UK stocks opened higher on Tuesday after European leaders agreed to a massive regional stimulus deal, sending the FTSE 100 up 0.45% to 6,289.75.

Mining titan BHP (BHP) fell 1.2% to £17.76 despite meeting full year production guidance for iron ore, metallurgical coal and copper, as petroleum production fell marginally below guidance following the impact of COVID-19 in the June 2020 quarter.

Fashion retailer Ted Baker (TED) rallied 8.4% to 76.5p as new chief executive Rachel Osborne flagged early progress under her revamped strategy and highlighted a ‘resilient’ performance over the 11 weeks to 18 July.

Though group sales slumped 55% amid pandemic-driven store closures, a 79% slump in retail store revenue was partially offset by 34% growth in online sales and net cash of £56.7 million as of 11 July was ahead of management expectations.

Coral and Ladbrokes owner GVC (GVC) cheapened 8.4% to 799.2p after it revealed that HMRC is widening the scope of an investigation into the betting behemoth’s former Turkish facing online gambling business and is now probing ‘potential corporate offending’ by ‘an entity (or entities) within the GVC group which HMRC has not yet identified’.

Broadband operator TalkTalk Telecom (TALK) softened 3.2% to 77p on news of a 7.5% drop in revenue for the first quarter, although the company also upgraded full year earnings guidance after trading recovered from the impact of the lockdown in June and July.

Book publisher Bloomsbury Publishing (BMY) jumped 10.7% to 221.5p after its revenue climbed 18% in the first four months of its financial year, beating its expectations, as folks kept reading during lockdown.

Defence contractor TP (TPG:AIM) ticked up 3.5% to 7.45p on the news subsidiary Sapienza Consulting has secured additional orders from the European Space Agency, worth more than €9 million.

RPS (RPS) reversed 3.5% to 51.25p as the professional services firm posted a drop in second quarter revenue.
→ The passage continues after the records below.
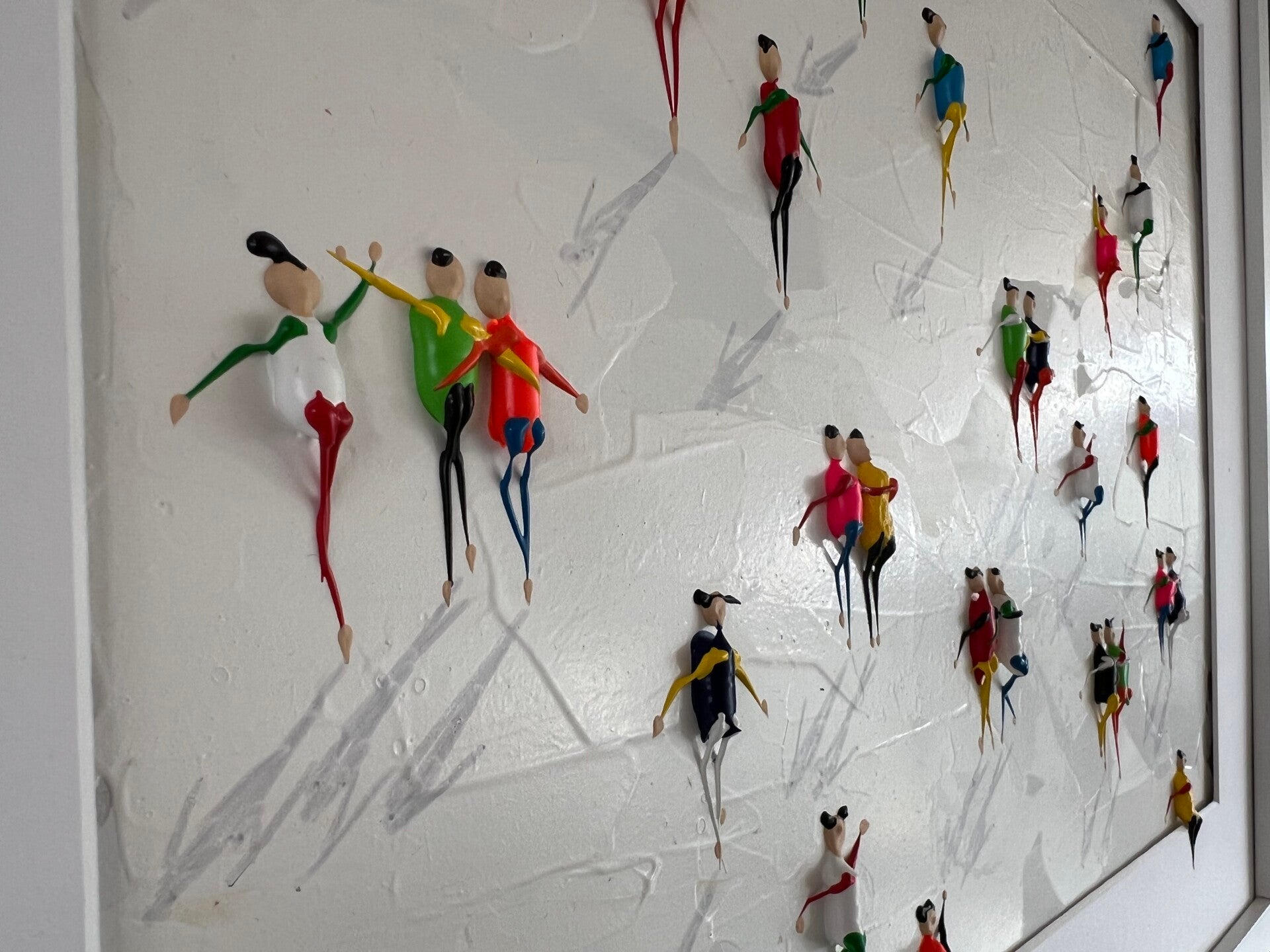 In my work, acrylic paints flow together to form a mesh of surrealism, figurative elements and geometric clarity. The composition is an ode to freedom and the dynamism of life. Every line, every splash of color is carefully placed to create an atmosphere of weightlessness and connection that captures viewers in a web of emotion and reflection. This painting will exude an aura of thoughtfulness and creative energy in your space.
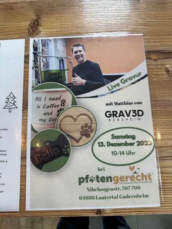 ✨ Tipp am Rande: Wer Pfotengerecht persönlich kennenlernen möchte oder noch ein besonderes Geschenk sucht, kann am Samstag, den 13. Dezember 2025, vorbeischauen. Von 10–14 Uhr gibt es dort eine Live-Gravur mit Matthias von GRAV3D – liebevolle, individuelle Anhänger für eure Vierbeiner. 🐾❤️ Vorbeischauen lohnt sich! 🤗
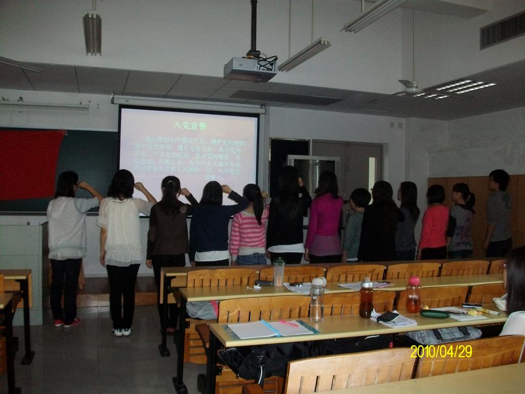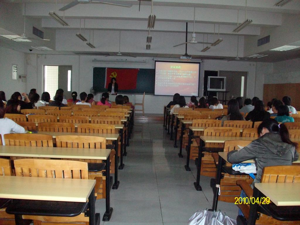 2010年4月29日下午2点30分,公司07级员工党支部在南校区教学楼G506举行了27期发展对象转预备党员会议,07级党员,预备党员,各期的积极分子和各班的群众代表参加了本次会议。会议由支部组织委员黄慧仪主持。本次进行转预备党员的13名发展对象分别是:蔡梓涵,陈思宇,陈晓薇,龚先凤,何小苗,黄斌炀,江妙娟,连俏玲,刘佳琳,卢佩虹,沈媛媛,许淑玲,许晏伊。
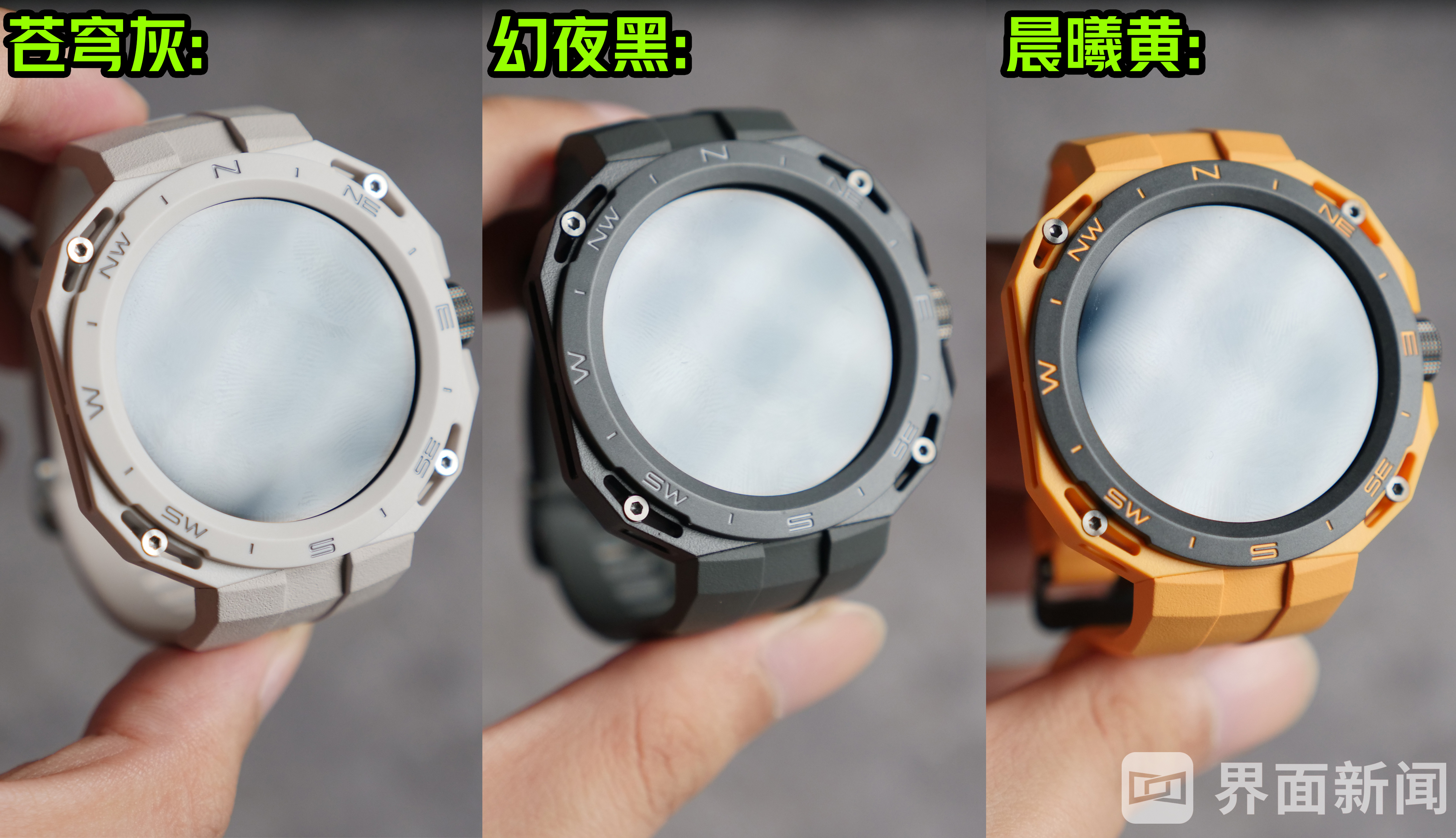 运动机能款则有幻夜黑、苍穹灰、晨曦黄三种配色,表体采用八边形设计,并内嵌了四颗六角螺丝,机械感之下年轻属性更强。
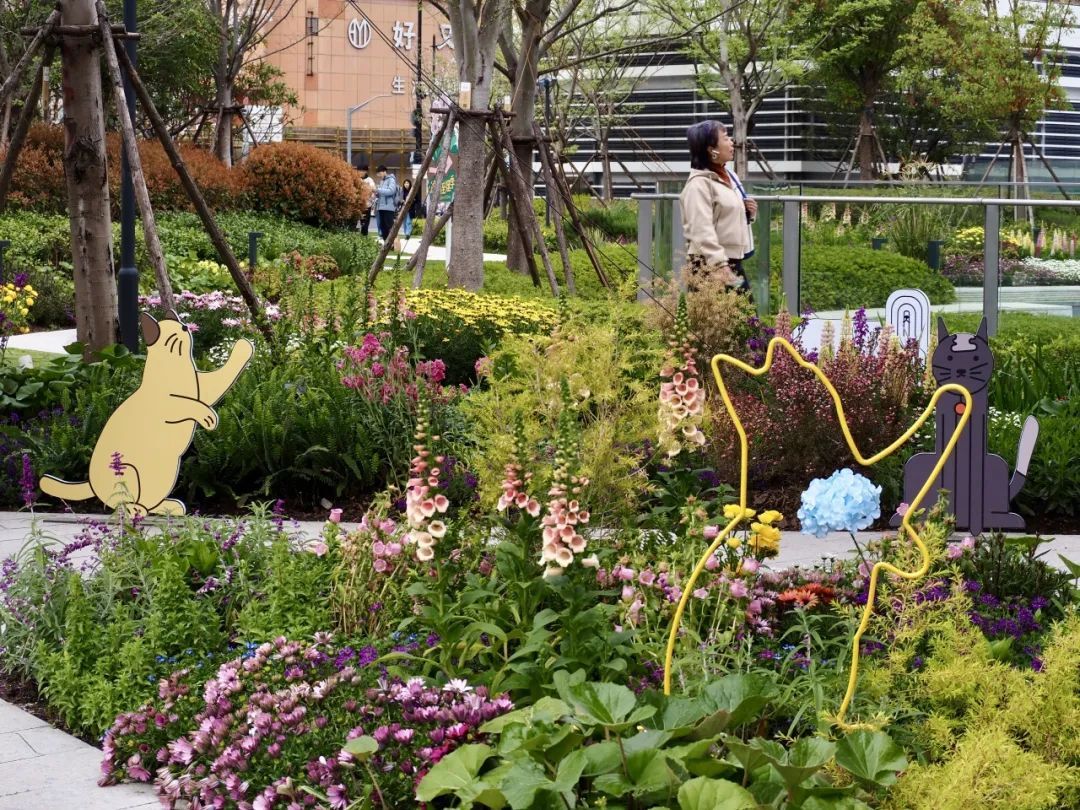 漫步西里慎余里广场,仿佛步入宠物友好乐园。各种充满童趣的猫猫狗狗装置从绿地、广场“长”出来,市民牵着自家爱宠惬意地踱步其间,描绘出一幕幕人宠和谐的友好温馨画面。
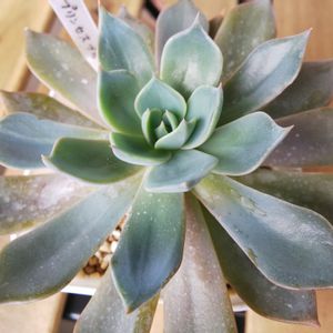 E.'プリンセスブルー' 3月29日ガーデンメッセさんよりお迎え タナベフラワー産 2.5号鉢 強いですね、この子 夏で少し緑が入りましたがお粉が増えて、最近涼しくなったので爪はピンクになって来ました 遠目に見ると虹色に見えますね 交配は分かりません 相当巨大になった株をガーデンメッセさんの寄せ植えで見ました この秋はどこまで大きくなるかな? 春に伸びきったから大きくならないかも
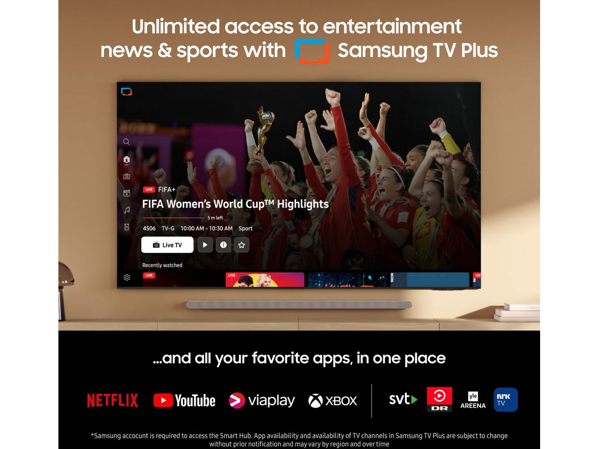 - Kostnadsfri tilgang til filmer, serier, sport og nyheter med Samsung TV Plus.
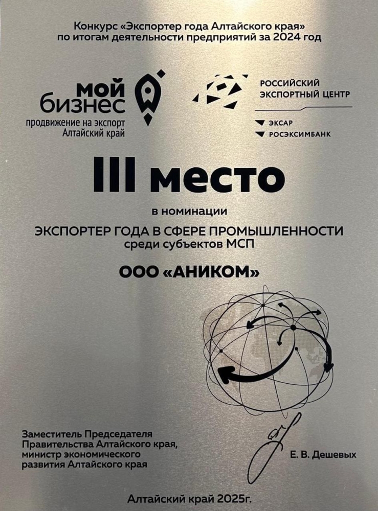 • В 2025 году компания АНИКОМ стала лауреатом в конкурсе «Экспортер года Алтайского края»
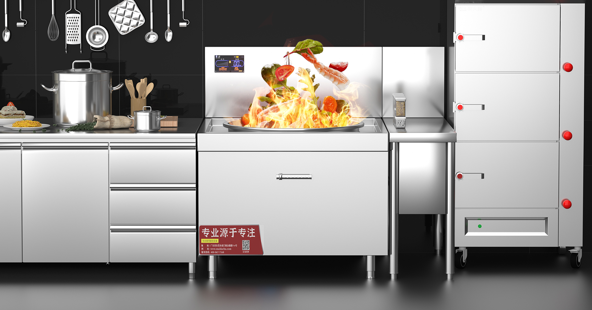 麥大廚廚房設(shè)備廠家研發(fā)、設(shè)計、生產(chǎn)、安裝和服務一站式解決。
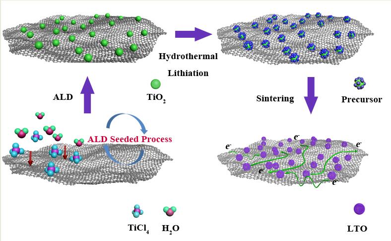 然而,从这种复合工作原理来看,负极的法拉第电化学反应和正极的双电层物理吸附机制存在着极大的动力学不匹配性,影响混合电容器的性能。钛酸锂是一种锂离子扩散机制控制的插层型负极,其独特的“零应变”结构赋予了钛酸锂极高的循环稳定性和安全性。然而钛酸锂较低的电子电导率和锂离子扩散系数严重影响了其倍率性能。近日,我院王恭凯老师以第一作者和通讯作者的身份,首次报道了利用原子层沉积育种技术制备钛酸锂/石墨烯复合电极材料,其独特的微观结构使得该材料充电25秒可实现70%的理论容量(即100 C电流密度时的放电容量高达120.8 mAh/g),并利用第一性原理从理论上进行了计算分析,该技术为制备新型石墨烯复合电极材料开辟了新思路。以该复合材料为负极的锂离子混合电容器的功率密度甚至超越了双电层型超级电容器,具有重要的研究意义和实际应用价值。该研究成果以题为“Toward ultrafast Lithium ion Capacitors: A novel atomic layer deposition seeded preparation of Li4Ti5O12/graphene anode”发表在纳米能源领域著名期刊《Nano Energy》(http://doi.org/10.1016/j.nanoen.2017.04.020, 2017年IF=12.343)上。
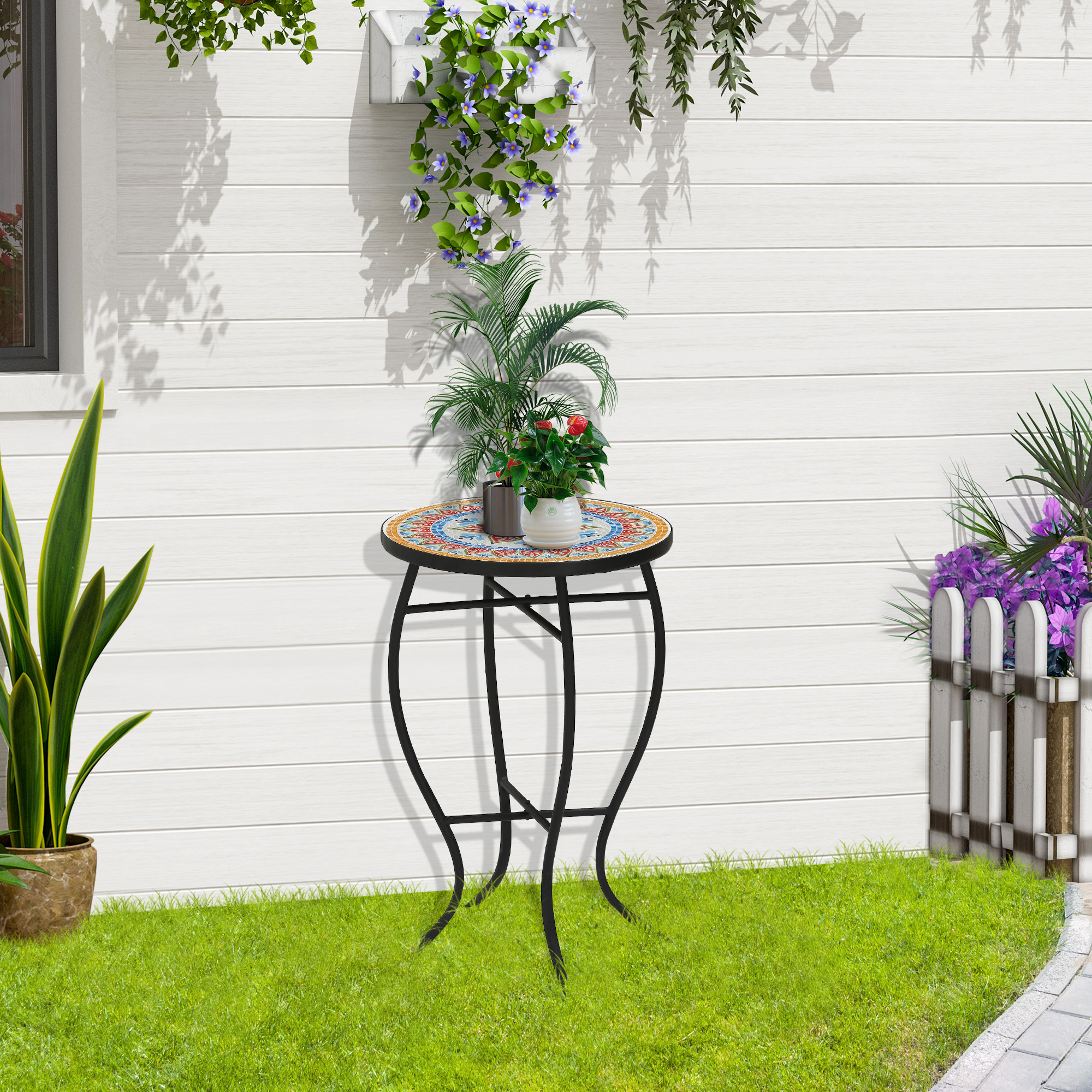 ¿Estás preparando tu terraza o jardín para la llegada del buen tiempo? Entonces esta mesa con mosaico de jardín de Outsunny seguro que te encantará. La mesa cuenta con una bonita estructura metálica con patas curvas y una encimera con un grabado colorido tipo mosaico. Es tan bonita que, aunque esté diseñada para estar a la intemperie, podrás usarla también en el salón, como mesita de noche o en otros espacios interiores de tu casa. Incluso usarla como soporte para tus plantas. Características: Mesa elegante gracias al bonito mosaico y colorido de la encimera y la estructura con patas curvas de metal Ideal para utilizarla como mesa de jardín, mesa auxiliar, soporte para plantas, mea de centro y mucho más Mesa con estructura metálica con recubrimiento en polvo para mayor resistencia a la intemperie y a la corrosión Fácil de limpiar con un paño húmedo Requiere montaje Especificaciones: Color: multicolor Material: metal, mosaico Medidas totales: Ø35,5×53,5 cm (DxAL) Grosor del tablero de la encimera: 1,8 cm Distancia entre las 2 patas: 37 cm Carga máxima: 60 kg Referencia: 84B-889BU El paquete incluye: ● 1 x Mesa de exterior; ● 1 x Manual de instrucciones

However, the company insisted its healthy exposure to government or quasi-government organisations is ‘providing some resilience’ to the impact of COVID-19 and appeared confident of returning to sustainable growth in 2021.

Ergomed (ERGO:AIM), which provides specialist services to the pharmaceutical industry, advanced 10% to 595p after it reported 14.8% first-half sales growth and promised that full-year earnings before interest, taxation, depreciation and amortisation will be ‘materially ahead’ of market expectations.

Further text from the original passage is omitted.